Thankfully, about age fourteen (about the same time I abandoned the whole Christianity thing), I discovered that my new stereo system could – just barely, and only with much manipulation of antennae – pick up a radio station broadcasting from the nearest college town, Chico. This was – before the death of non-corporate radio – 106.7 Z-Rock, and through it I discovered the broader world of rock and metal.
Being an angsty teenager, I of course gravitated towards the most aggressive-sounding music typically played. Which in the late ‘90s, was (in the USA) the start of the Nu-metal trend. Limp Bizkit (oh gods, why?!), Papa Roach (the first CD was alright), and Korn (actually good in their early years) offered a different sound than the then-dominant grunge rock of Nirvana (which I like, but it was played a LOT in the ‘90s).
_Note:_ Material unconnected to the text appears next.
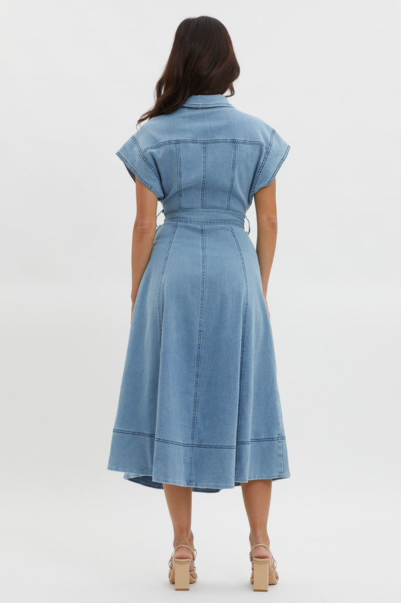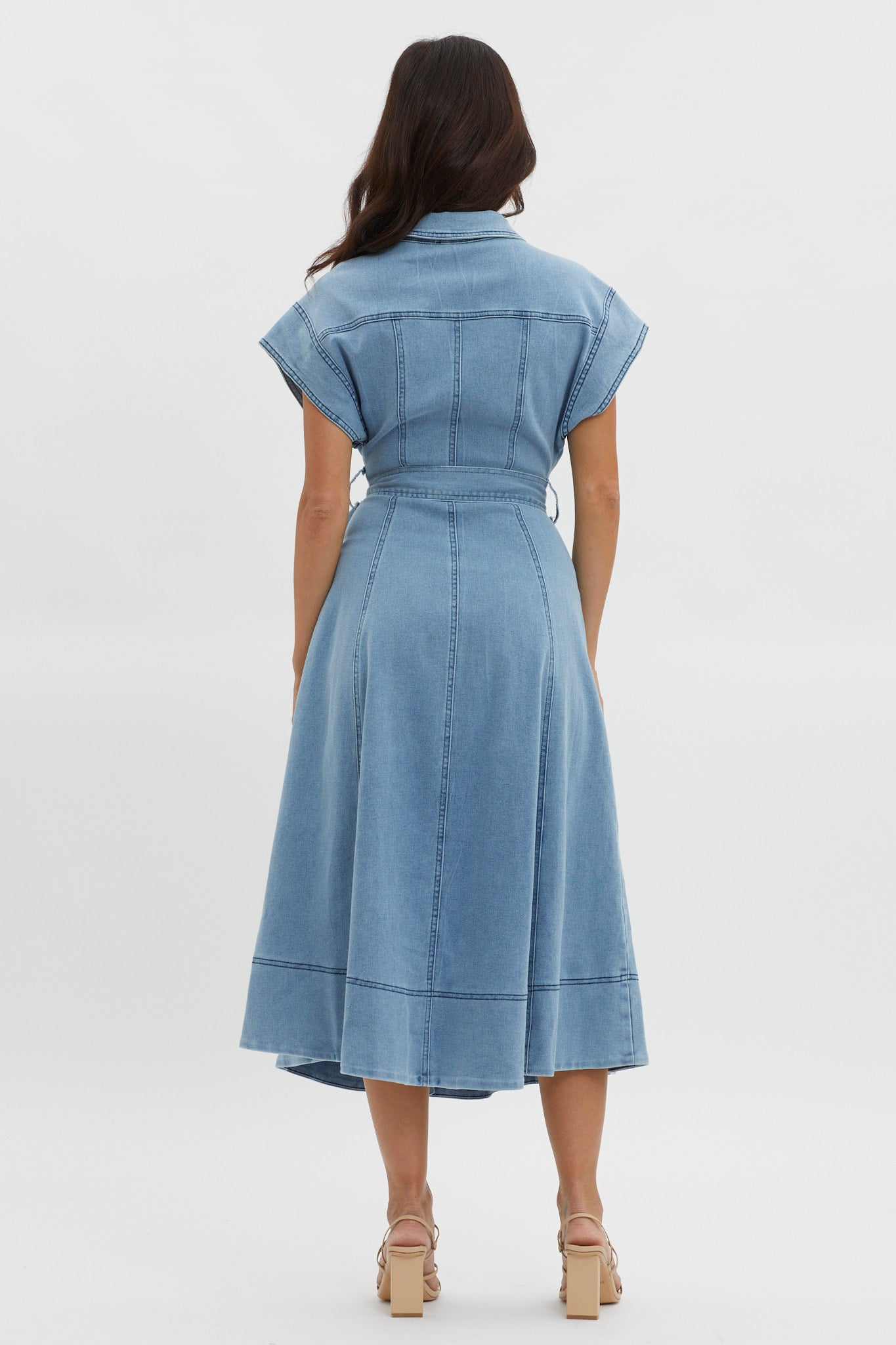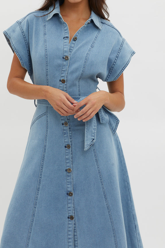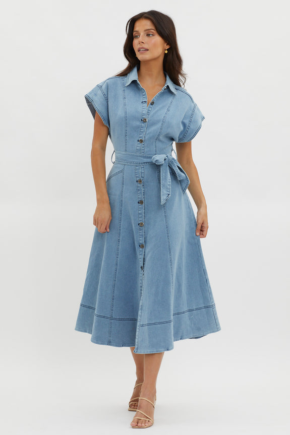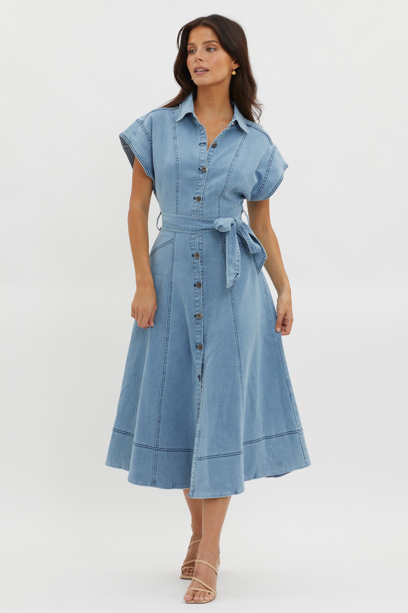 Breeze through your day in our pretty Laureen midi dress. Featuring a removable waist tie and button-up front. It's perfect for a lunch date with your love. Team it with mules and a tote for a chic look that will turn heads.

And then, I discovered contemporary American heavy metal. Slipknot, Mudvayne, Spineshank, System of a Down. I was listening to the last when I heard about the September 11 attacks – (appropriate, in retrospect) and Slipknot in particular (Spineshank’s Height Of Callousness was spectacular, and underrated) kept me going through college and into my Army days. I’d have been happy to have been called a maggot in the 2000’s, and I still pull out their early albums every so often even now that I’ve pretty fully converted to European melodeath.
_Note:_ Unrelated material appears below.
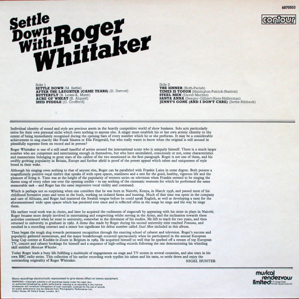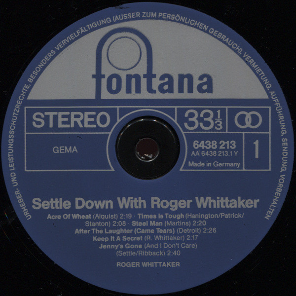 € 5.00 Media: Very Good Plus (VG+)Hoes: Very Good Plus (VG+)Roger Whittaker – Settle Down With Roger Whittaker (LP, Comp)
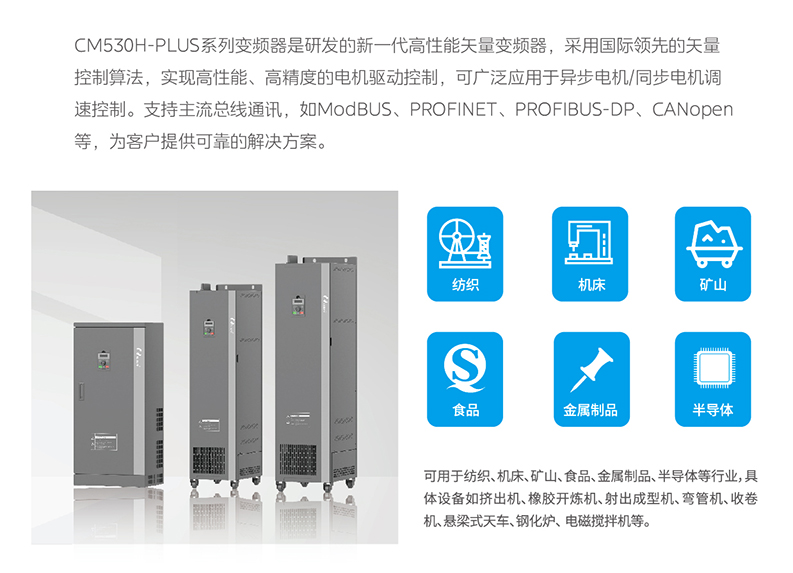 CM530H-PLUS系列變頻器是研發(fā)的新一代高性能矢量變頻器,采用國際領(lǐng)先的矢量控制算法,實(shí)現(xiàn)高性能、高精度的電機(jī)驅(qū)動控制,可廣泛應(yīng)用于異步電機(jī)/同步電機(jī)調(diào)速控制。支持主流總線通訊,如ModBUS、PROFINET、PROFIBUS-DP、CANopen等,為客戶提供可靠的解決方案。

In Flames’ Soundtrack to Your Escape was my first introduction to the genre (I'll always remember walking to my Medieval English History course at Berkeley with that screaming in my headphones), but I could never predicted how much of a gateway drug that would turn out to be! Sometimes I wonder how different my life would be if I had encountered Amon Amarth’s work then, when they had just published Fate of Norns. But, maybe, those aforementioned goddesses knew that it was not yet my time.
Regardless, it was another ten years before I would re-encounter Swedish melodeath – in fact, I didn’t really do much to develop my personal aesthetic tastes on any front for a decade. Too busy trying (failing) to figure out the whole career thing, getting graduate degrees, building a household, and all that good jazz.
In late 2015 I was working on a statistical analysis project (published!) with Pandora active, set to play some In Flames, because I had listened to the CD again for the first time in a few years and remembered how much I really liked it. Naturally, other Swedish bands out of Gothenborg seen as similar to In Flames started coming up on the Pandora playlist. So I heard Dark Tranquility for the first time, and started buying their CDs. And I heard Amon Amarth.
To be absolutely honest, I had heard of Amon Amarth before – I’m a massive Tolkien-nerd, and in my various deep dives into Wikipedia and Tvtropes I’d run across the random factoid that a Swedish death metal band used Tolkien’s Sindarin name for Mount Doom (the place you throw the Ring of Fire, gentle Hobbits). Something I wholeheartedly approved of, but never had the motivation to track down the band’s work.
So when I heard a song come on that was, well, fucking awesome, and realized who it was by, I was hooked. “Valhall Awaits Me”, from With Oden on Our Side, is about a warrior in the heat of combat, slaying one foe after another – until being slain in turn. Sound grimdark? Yeah, well, that’s life, when you boil it right down to its bare essence.
Amon Amarth, for me, represents the perfect fusion of sonic complexity and lyrical storytelling. Death metal, even Swedish melodeath (as the name implies, it is death metal with an emphasis on melody), is difficult music, to play or to hear. The entire point of the genre is to explore that most terrifying and fundamental inevitability of human existence: the End. Because once you have explored that, the greatest of terrors, in all its aspects – only then, can you conquer it, and truly understand what it means to live.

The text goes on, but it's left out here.